» **Work item**
All the data below goes into the copy word for word, but the pictures don't.

» **Data provided**
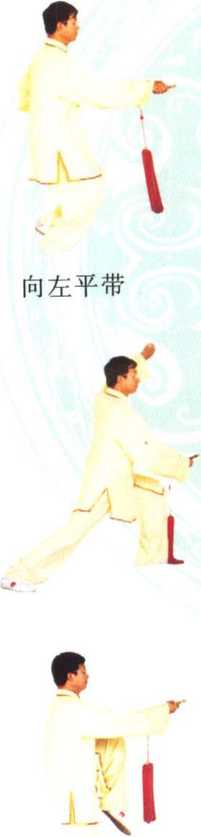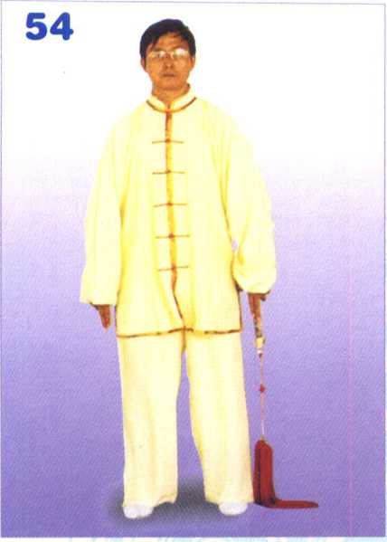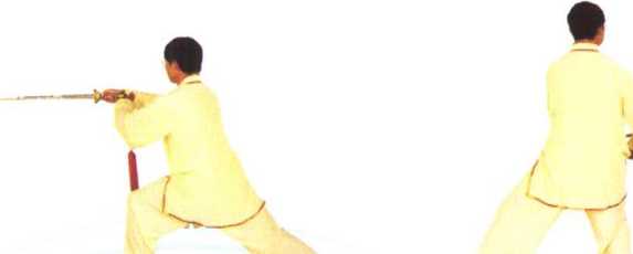 身体左转,重心移于左腿,右 脚提起向左脚内侧靠拢成开立步; 左手握剑,掌心向外向上经体前落 于身体左侧,掌心向后,剑尖向上; 右手握剑指,向下向后再向前下落 于体右侧,掌心向后,剑指向下; 眼向前平视。(图53、54)
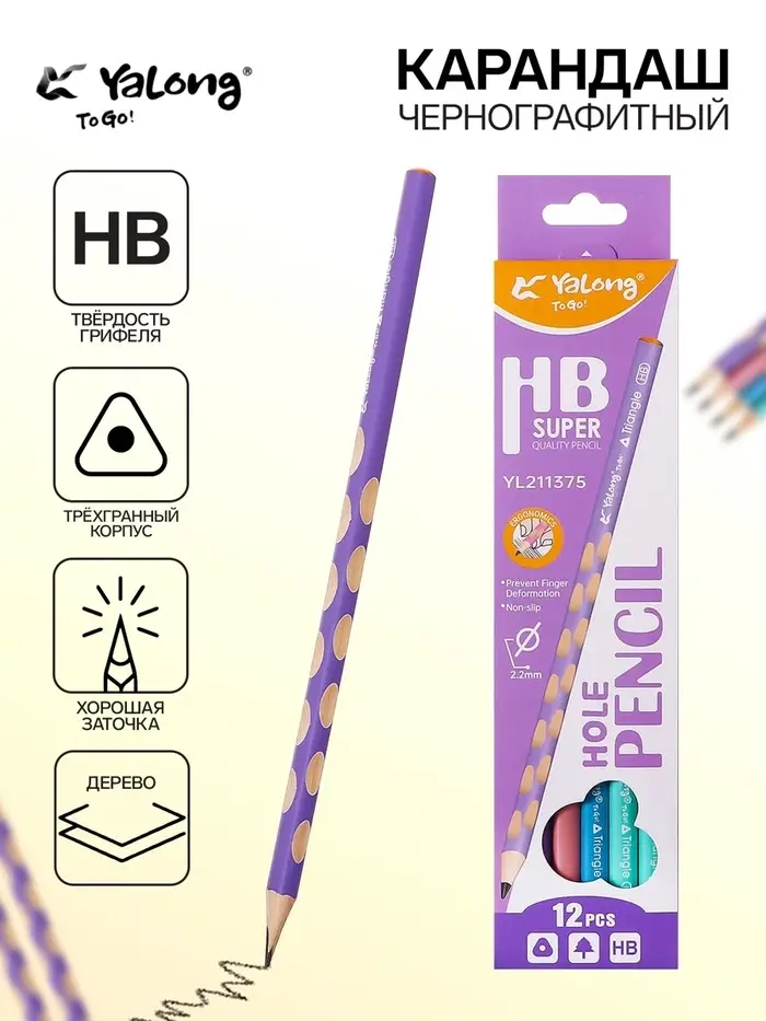 Карандаш чернографитный НВ , Пастель, корпус треугольный МИКС
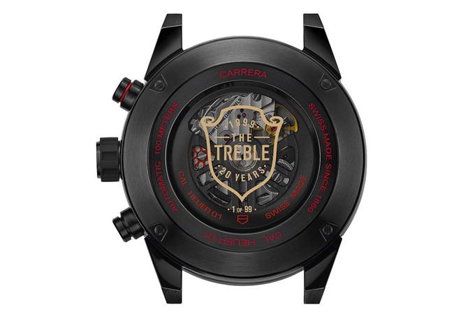 這款充滿運動風範的腕錶搭載品牌自製Heuer 01自動機芯,採用黑色蛋白石錶面,位於9點鐘的計時盤印有曼聯標誌。錶殼由黑色PVD塗層精鋼打造,搭配黑色陶瓷錶圈、米色中央秒針及時標。紅色真皮内襯橡膠錶帶飾以黑色縫線,輝映這家知名英格蘭俱樂部的鮮豔紅色。透明錶背設計將内部創新機芯的機械律動之美展露無遺,藍寶石水晶錶鏡印有盾牌標識以及米色“1999 - THE TREBLE - 20 YEARS”及“1 OF 99”字樣。

» **Result**
 身体左转,重心移于左腿,右 脚提起向左脚内侧靠拢成开立步; 左手握剑,掌心向外向上经体前落 于身体左侧,掌心向后,剑尖向上; 右手握剑指,向下向后再向前下落 于体右侧,掌心向后,剑指向下; 眼向前平视。(图53、54)
 Карандаш чернографитный НВ , Пастель, корпус треугольный МИКС
 這款充滿運動風範的腕錶搭載品牌自製Heuer 01自動機芯,採用黑色蛋白石錶面,位於9點鐘的計時盤印有曼聯標誌。錶殼由黑色PVD塗層精鋼打造,搭配黑色陶瓷錶圈、米色中央秒針及時標。紅色真皮内襯橡膠錶帶飾以黑色縫線,輝映這家知名英格蘭俱樂部的鮮豔紅色。透明錶背設計將内部創新機芯的機械律動之美展露無遺,藍寶石水晶錶鏡印有盾牌標識以及米色“1999 - THE TREBLE - 20 YEARS”及“1 OF 99”字樣。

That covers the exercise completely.